# Interpolating Signals Levels at Non-Calibration Points

Solar bursts may be much stronger than your highest available noise calibrator level.  The following discussion suggests a way that you may be able to estimate the level of these bursts from your Radio-SkyPipe chart using your present calibrator. The method could also be used to estimate signal levels that fall between your calibration levels.  We assume that you are using a receiver with NO AGC, such as a Jove Receiver and that you are feeding a standard sound card with a audio signal level that does not approach the maximum input level capabilities of the card.

Using a homebrew noise generator (calibrated against an RF2010 noise generator), a Jove Receiver, and a PC using an old  SoundBlaster 16 sound card, and Radio-SkyPipe software, I produced a table of SkyPipe Y chart values vs. input noise temperature levels (in 1000s of degrees Kelvin)

 Temp / 1000 Deg. K Average Y Level 4.8 918 9.3 1175 18 1640 36 2208 72 3161 143 4351 286 6278 569 8599 1136 12307

How did I get the average Y values?  After all, those signals look very "grassy" on the chart and it is hard to estimate exactly what the average level is on an area of the chart just by looking at it.  SkyPipe has a feature that you may not have used but is very handy for this type of thing. Simply use the zoom feature so that the area you want to measure covers the the visible area of the chart.  Then right click on the chart and select "Get Avg for View".  The average Y value for the visible portion of the chart will appear in the status bar.

Now that I had the table I was able to produce a graph: The shape of the graph looked very much like a square function so I decided to try plotting the same data this time using the the square root of the Temp/1000 degrees Kelvin for the X axis.  The result was very encouraging: Plotting the data in this manner produced a very good approximation of a straight line.  With this and some simple algebra it became evident that one could make good estimates of  levels for which no calibration point was available.  You could just look at the graph and estimate the level.  Pick the level shown on the chart for which you are interested.  For example, the part of the chart you were interested in had an average value of 11000.  The corresponding value of the X axis would be roughly around 34.  Square this value and you get 1156.  The temperature corresponding to a Y value of 11000 is thus roughly 1,200,000 degrees Kelvin  (You didn't forget that our chart was in 1000's of degrees did you?)

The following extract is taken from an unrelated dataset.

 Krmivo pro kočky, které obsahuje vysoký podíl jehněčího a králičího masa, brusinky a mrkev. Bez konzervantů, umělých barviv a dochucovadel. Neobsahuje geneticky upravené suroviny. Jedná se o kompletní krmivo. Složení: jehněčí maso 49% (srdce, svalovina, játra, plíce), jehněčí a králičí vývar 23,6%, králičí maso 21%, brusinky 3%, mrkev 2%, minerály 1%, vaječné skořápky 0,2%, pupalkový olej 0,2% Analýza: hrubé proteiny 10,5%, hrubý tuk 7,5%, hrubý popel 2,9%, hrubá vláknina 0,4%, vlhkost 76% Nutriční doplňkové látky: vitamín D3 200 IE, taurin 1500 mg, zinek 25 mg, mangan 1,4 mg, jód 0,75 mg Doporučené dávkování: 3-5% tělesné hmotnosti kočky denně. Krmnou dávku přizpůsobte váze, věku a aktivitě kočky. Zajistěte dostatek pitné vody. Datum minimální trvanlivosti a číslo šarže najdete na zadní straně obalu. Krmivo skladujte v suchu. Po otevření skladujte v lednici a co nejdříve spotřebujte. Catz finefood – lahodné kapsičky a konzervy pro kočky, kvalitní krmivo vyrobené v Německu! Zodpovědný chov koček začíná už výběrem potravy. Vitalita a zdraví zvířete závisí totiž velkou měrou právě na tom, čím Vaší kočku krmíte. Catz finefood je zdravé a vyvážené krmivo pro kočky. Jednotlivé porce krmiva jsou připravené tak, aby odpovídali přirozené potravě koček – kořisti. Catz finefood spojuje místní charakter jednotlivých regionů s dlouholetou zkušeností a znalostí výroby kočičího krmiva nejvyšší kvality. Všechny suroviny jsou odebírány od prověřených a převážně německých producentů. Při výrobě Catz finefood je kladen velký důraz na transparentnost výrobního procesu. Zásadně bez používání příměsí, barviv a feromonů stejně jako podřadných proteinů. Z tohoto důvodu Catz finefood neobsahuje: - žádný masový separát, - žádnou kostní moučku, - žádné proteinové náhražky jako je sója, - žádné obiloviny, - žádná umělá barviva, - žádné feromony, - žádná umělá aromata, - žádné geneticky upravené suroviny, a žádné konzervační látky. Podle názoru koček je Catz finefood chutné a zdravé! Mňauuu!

Another approach to estimating uses the slope of this graph's line.  (There are probably better ways to do this but I prefer to keep the math simply stepped.)  The slope of a straight line is the RISE / RUN , that is, the change in Y axis per change in X axis.  We can find the slope using two points on our line.  Arbitrarily, I will choose the point for Y=4351 and the point where Y=12307.  These points are far enough apart that error should be small.

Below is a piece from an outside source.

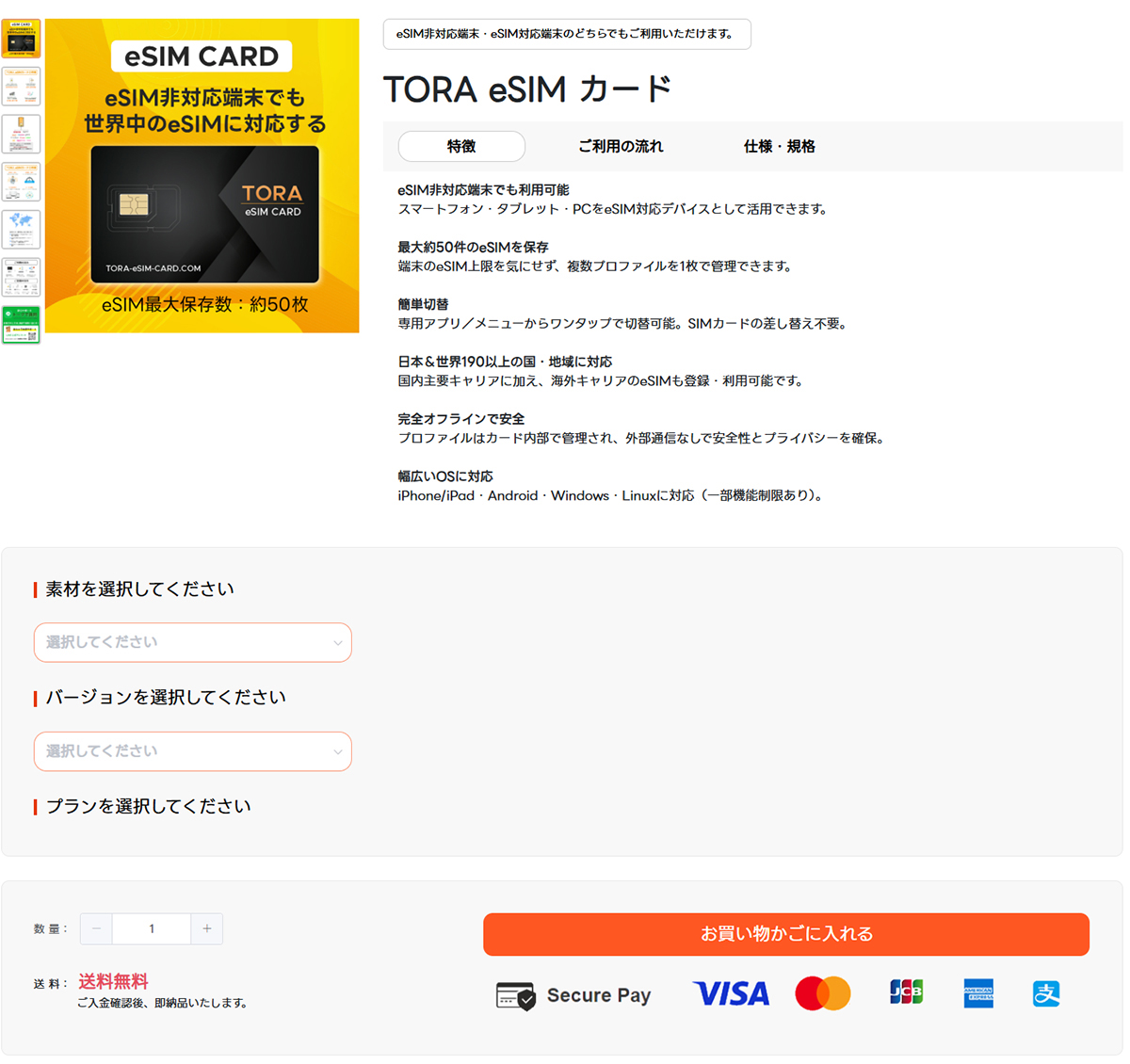 TORA eSIM CARD は 24時間いつでもオンライン注文が可能です。

slope = (Y2 - Y1) / (X2 - X1)   hint: use the larger coordinate pair for X2 and Y2

slope = (12307 - 4351) / (33.7 -  11.96) = 7956/21.74 = 367

Now that we have the slope we find an unknown coordinate for any other point on the line by comparing it with a known point's coordinates.  To do this we use the same formula for slope.  In this case, we want to find an unknown X value that pairs with a particular Y value that we can read off the strip chart.  For example, our strip chart shows a solar burst that extends all the way up to a Y value of 18000.  Our highest calibration level only went up to 12307 on the strip chart. What would the equivalent temperature of this burst be?

slope = (Y2 - Y1) / (X2 - X1)  [measured above  to be 367]

367 = (18000 - 12307) / (X2 - 33.7)  =  5693 / (X2 - 33.7)

rearrange a little to get X2 on the left:

X2 = (5693 /367) + 33.7

X2 = 15.5 + 33.7 = 49.2

49.2 is the square root of our desired value so we must square it.

49.2^2  = 2420.6   and then we multiply by 1000 to put it into degrees

2,420,600  degrees K is our answer.  Of course, this level of accuracy is unjustified so we would probably just say that the burst was about 2.4 million degrees.

## Caution!

This seems to work well with the experimental setup that I used, but different receivers and sound cards may produce different results.  The slope defined here is not universal.  You will have to redefine the slope of the for your system every time you make adjustments in the receiver volume, computer mixer settings, etc. If you cannot achieve a straight line for the square root of the temp vs the chart value you may be driving your sound card too hard, the sound card may have a different level conversion characteristic, or your receiver may be compressing under the strong signal levels.

For a good example of equations applied to convert to degrees Kelvin equivalent antenna temperature see Jim Brown's example at the NJ3BRO observatory.